To understand how these results illustrate the law of multiple proportions, let's first define what the law states. The law of multiple proportions, proposed by John Dalton, states that if two elements can combine to form more than one compound, the masses of one element that combine with a fixed mass of the other element will be in ratios of small whole numbers.

In this case, we have antimony (Sb) and chlorine (Cl) forming two chlorides that have different properties.

The first chloride is a solid that melts at 73°C and contains 46.5% chlorine by mass. Let's call this chloride A. Its composition can be represented as SbX, where X represents chlorine. Since it contains 46.5% chlorine by mass, we can say that for every 100 grams of chloride A, it contains 46.5 grams of chlorine.

The second chloride is a liquid that boils at 140°C and contains 59.3% chlorine by mass. Let's call this chloride B. Its composition can be represented as SbY, where Y represents chlorine. Since it contains 59.3% chlorine by mass, we can say that for every 100 grams of chloride B, it contains 59.3 grams of chlorine.

Now, let's compare the ratios of chlorine in both chlorides.

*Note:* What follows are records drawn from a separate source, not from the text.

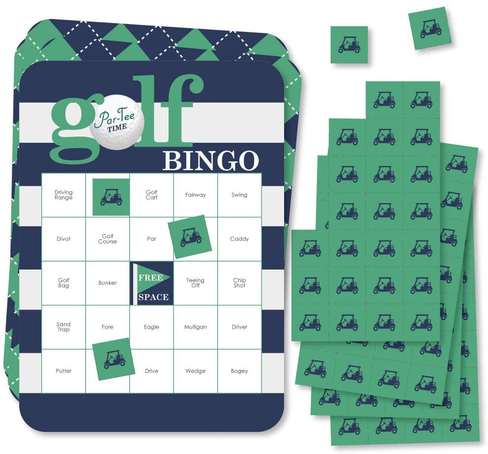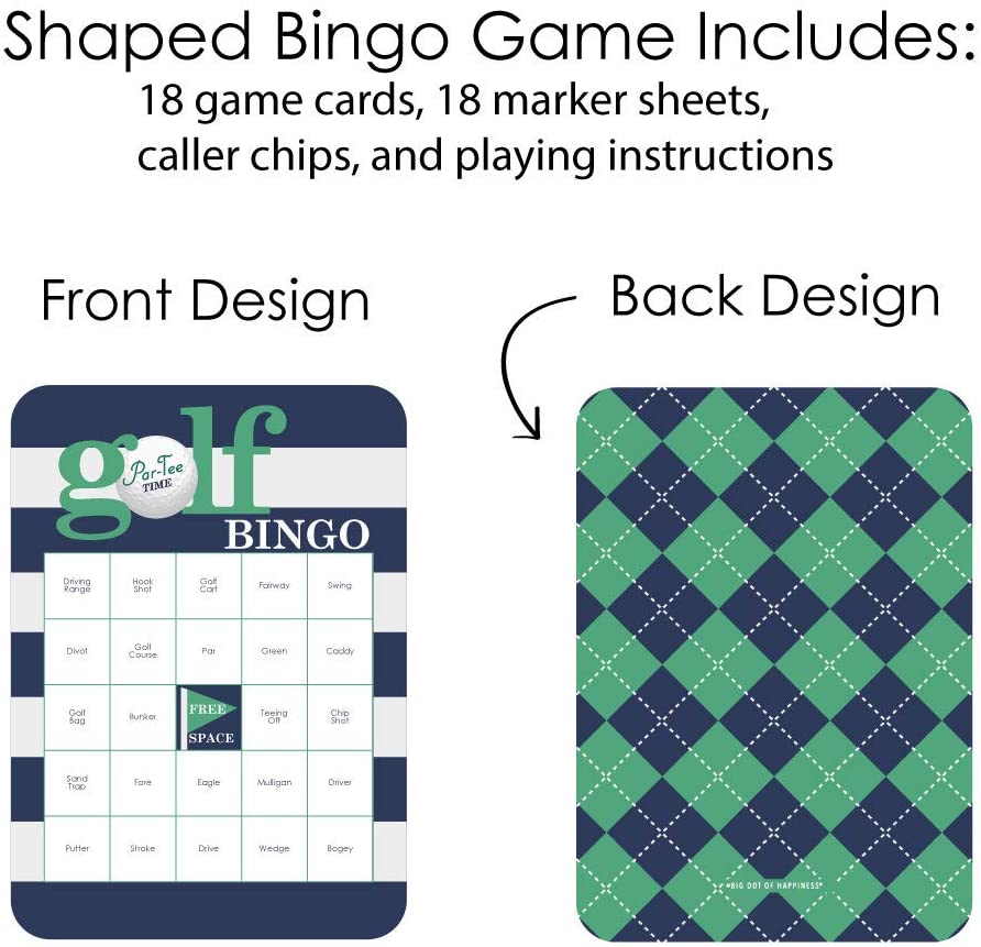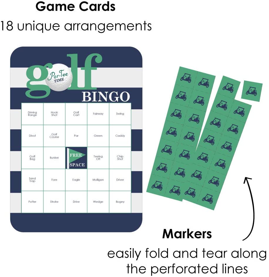 标准开球时间 - 高尔夫宾果卡和标记 - 生日或退休派对宾果游戏 - 18 件套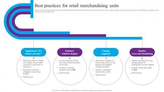 This slide showcases best practices for maintaining retail merchandising units. It includes try before you buy, window display, regular changing, cross merchandising, up selling, cross selling, product samples, etc. Do you have an important presentation coming up Are you looking for something that will make your presentation stand out from the rest Look no further than Best Practices For Retail Merchandising Centric Marketing To Enhance Brand Connections Mockup Pdf. With our professional designs, you can trust that your presentation will pop and make delivering it a smooth process. And with Slidegeeks, you can trust that your presentation will be unique and memorable. So why wait Grab Best Practices For Retail Merchandising Centric Marketing To Enhance Brand Connections Mockup Pdf today and make your presentation stand out from the rest This slide showcases best practices for maintaining retail merchandising units. It includes try before you buy, window display, regular changing, cross merchandising, up selling, cross selling, product samples, etc.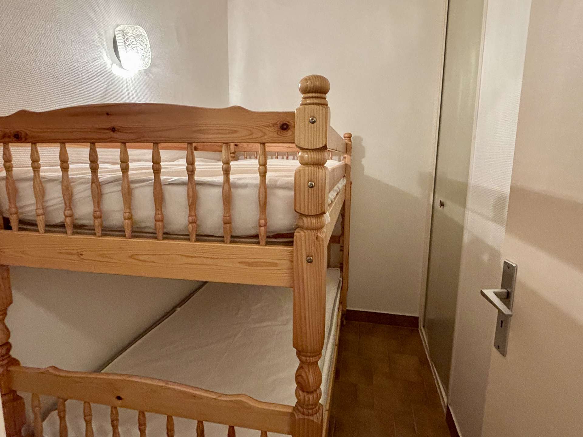 It consists of a living room with a two-seater sofa bed opening onto a kitchenette. For the cabin area you will find two single bunk beds.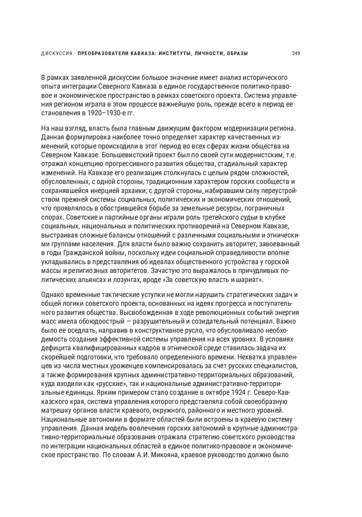 В рамках заявленной дискуссии большое значение имеет анализ исторического опыта интеграции Северного Кавказа в единое государственное политико-правовое и экономическое пространство в рамках советского проекта. Система управления регионом играла в этом процессе важнейшую роль, прежде всего в период еe становления в 1920–1930-е г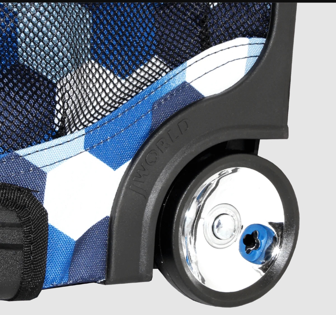 • Rubber Base — Molded rubber bottom holds up to the punishment of dragging sideways and backwards on pavement. No more holes in the bottom of your kids rolling backpack!
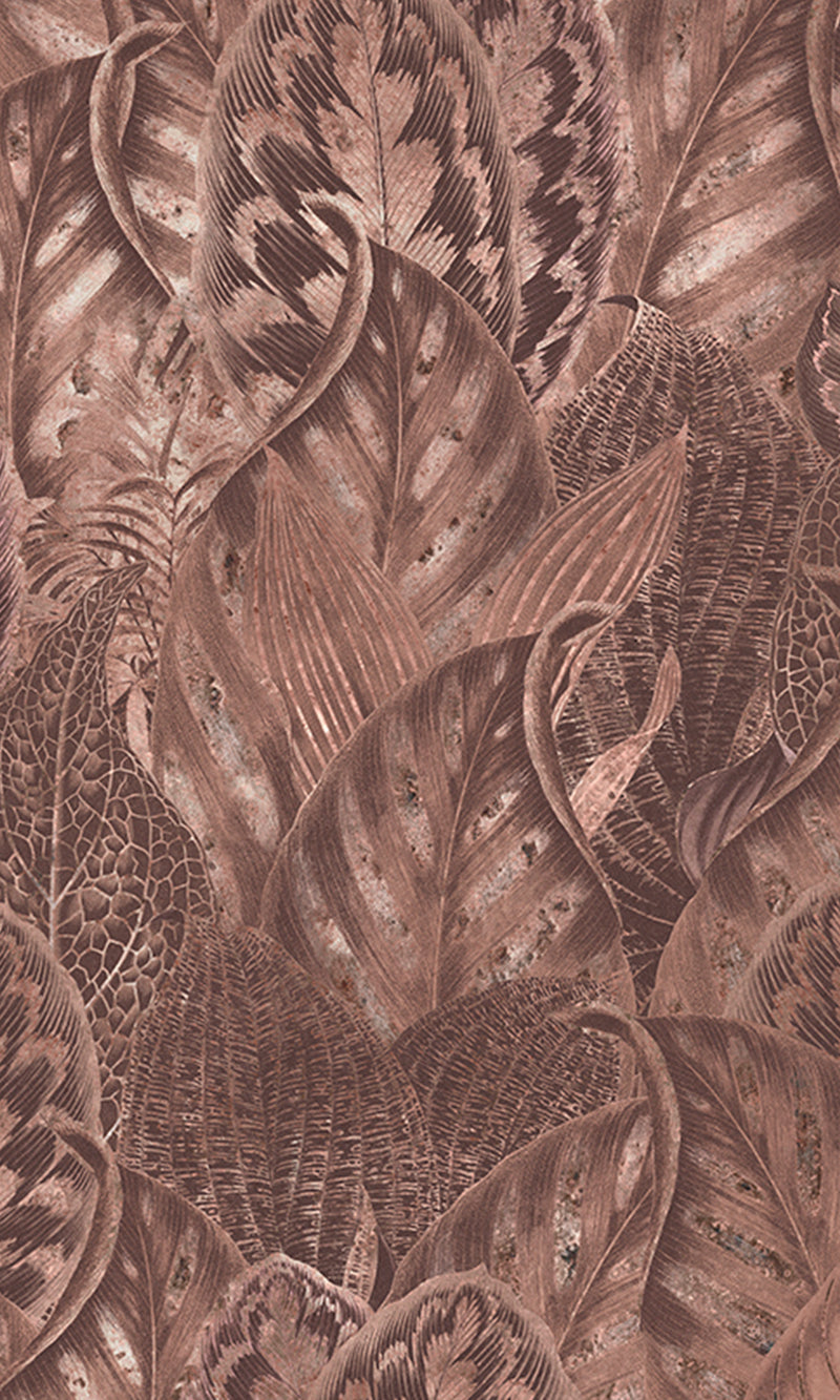 Copper Vibrant Leafy Collage Mural Wallpaper M2557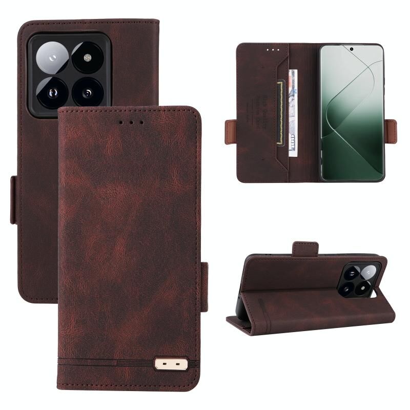 Για Xiaomi 14T Pro Μαγνητικό κούμπωμα Δερμάτινη θήκη τηλεφώνου (καφέ)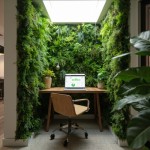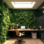 Sustainable Home Office with Moss Wall, Walnut Desk, and Skylight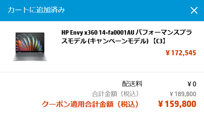 HPのPCは、クーポン適用して購入することをおすすめします。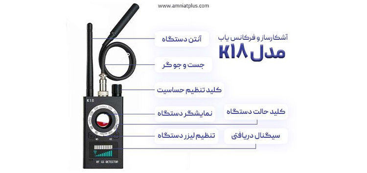 فرکانس یاب و آشکارساز لنز K18 قادر به تشخیص امواج رادیویی، تشخیص میدان مغناطیسی، دوربین سیمی یا بیسیم است. در واقع این ردیاب میتواند تمام تجهیزات مخفی و دستگاههای شنود را بیابد.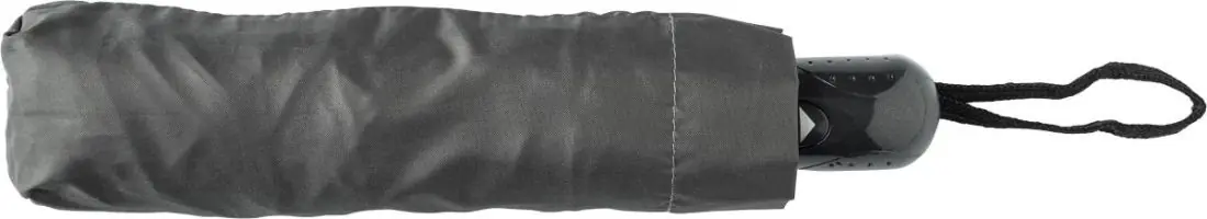 Paraguas automático plegable, de 8 paneles de pongee (180 T). Mango de plástico y estructura de metal y fibra de vidrio. Funda a juego incluida.

The ratio of chlorine in chloride A to chlorine in chloride B can be calculated as follows:

(Ratio of chlorine in chloride A) / (Ratio of chlorine in chloride B) = (46.5 g Cl / 100 g chloride A) / (59.3 g Cl / 100 g chloride B)

Simplifying this expression:

(Ratio of chlorine in chloride A) / (Ratio of chlorine in chloride B) = (46.5 / 100) / (59.3 / 100) = (46.5 / 59.3) ≈ 0.784

The result is approximately 0.784, which is close to a 3:4 ratio (or 0.75) when expressed as a small whole number ratio. This suggests that the ratio of chlorine in chloride A to chloride B is approximately 3:4.

By applying the law of multiple proportions, we can conclude that antimony forms two different chlorides (chloride A and chloride B) with chlorine, where the ratio of chlorine in these compounds follows a small whole number ratio of approximately 3:4. This observation supports the law of multiple proportions.